24.10.12

Variedades de la melancolía



Variedades de la melancolía
[08.07.2010]
 
Se agrupan bajo una sola denominación, pero los melancólicos son como los ejércitos de Satanás. Y así como cada demonio es diferente, la melancolía es un infierno vastísimo de humores pegajosos y quemaduras corporales. El melancólico exprime sus fuegos. Le saca jugo a fobias, patologías, estados mórbidos y frustraciones. Así Bernardo Soares, en Estética del Desaliento, escribe tocado por la sabiduría: “Ya que no podemos conseguir belleza de la vida, busquemos al menos conseguir belleza del no poder conseguir belleza de la vida.”  

Largas jornadas con las neurosis me enseñaron el verdadero camino a la desdicha, y el melancólico se sabe triste, requiere una sesión de primeros auxilios, una enfermera, un segundo parto. Dice José Mariano Leyva en El complejo Fitzgerald que gran parte de la generación de los 80’s y 90’s arrastra depresiones transmitidas culturalmente. Cierto, pero ya desde el siglo XVI con El ingenioso hidalgo Don Quijote de la Mancha se había cultivado una progresiva moral del fracaso, y antes existía el Libro de Job, prefiguración de Roquentin en el Antiguo Testamento.

Tristeza y más tristeza, al melancólico le duele vivir, le duele enamorarse, le duele masticar y le fastidian los excusados. No admite los engranajes de las cosas. Le gustan los ataúdes, las ambulancias, el mar, los bolígrafos negros. Se resiste a los lugares comunes del ecologismo, prefiere los terremotos. “Si pudiéramos quedarnos así siempre: puros y tristes, como huérfanos; pero no es posible, eso no pasa en la vida”, afirmaba Jean-Paul Sartre, novelista y francotirador de monstruosidades.
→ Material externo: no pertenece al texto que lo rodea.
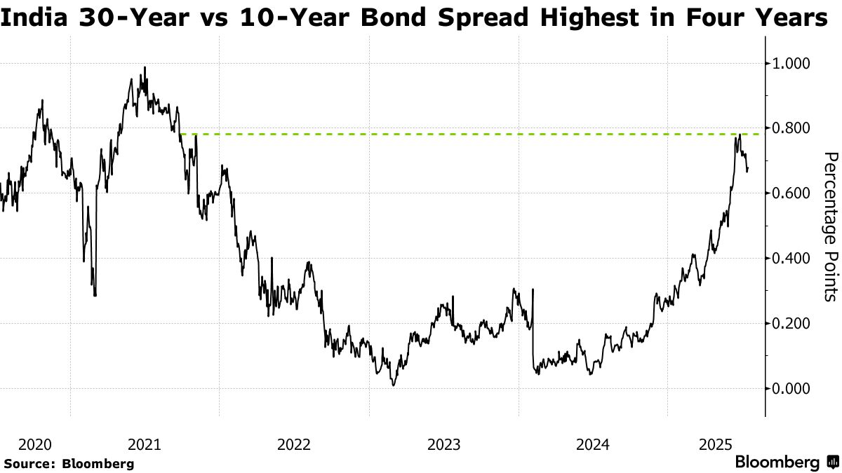 印度儲備銀行上個月意外將關鍵政策利率下調50個基點,並轉向"中性"立場,令市場感到意外。這一轉變已將30年期債券收益率推高至近7%,而基準10年期債券收益率為6.3%,因為投資者要求更高回報以持有更長期限債券。

Adán y Eva arriesgaron el paraíso y conocieron la amargura. En el melancólico, el primer paso en falso de la humanidad inicia con una teología de retirada y escarmiento. Algún día, cuando el ocio permita la Historia Universal de las Lágrimas, en fotografías anexas veremos los ojos de Beckett y Cioran, dos ajedrecistas del silencio y la calma intrauterina. En Breath, Beckett acota sólo una respiración entrecortada y un largo suspiro en medio de la basura. La pieza teatral no dura ni un minuto. Cioran sentencia: “El lirismo absoluto es el lirismo de los últimos instantes”, y nada más falta oír disparos.

El melancólico roba películas en blanco y negro, escribe cartas de amor nunca depositadas, explora tiendas de libros usados, ferreterías y prostíbulos. Suele poner sus dedos entre la cabeza denotando preocupación, inquietud, fastidio y otras emociones ambidiestras. Muere de cáncer, sífilis, desastre y locura. Se ahorca, se tira los sesos, prende la chimenea, se corta los testículos, le deja un argumento de valentía al siguiente infeliz con ganas de matarse. Ningún melancólico malgasta su vocación suicida.

En los melancólicos se verifica la sentencia de que la música calma a los leones. Basta revisar la evolución de ambos fenómenos y sacaremos una conclusión: la tristeza tiene ritmo. Quien llora, emite una serie de sonidos regulares no exentos de intensidad, crescendos, resonancias. El llanto es una máquina de ruido, un sintetizador somático, una lenta y tremebunda teoría musical del cosmos, una zarabanda. Llorar demuestra que algo no funciona, que la vida no es suficiente, que los gitanos arrojan tinta negra en las cunas de los recién nacidos.

La melancolía no tiene cura, pues de lo contrario no existirían clínicas mentales, homicidios, monasterios, tangos ni crepúsculos. Las obligaciones laborales nos exigen mantener a raya el tigre melancólico, dándole su comida regularmente, sus trozos de carne cruda con anestésicos. ¡Cuidado, amigos! ¡Esas son idioteces! ¡La melancolía no es un animal domesticable! ¡Un demonio no se deja someter!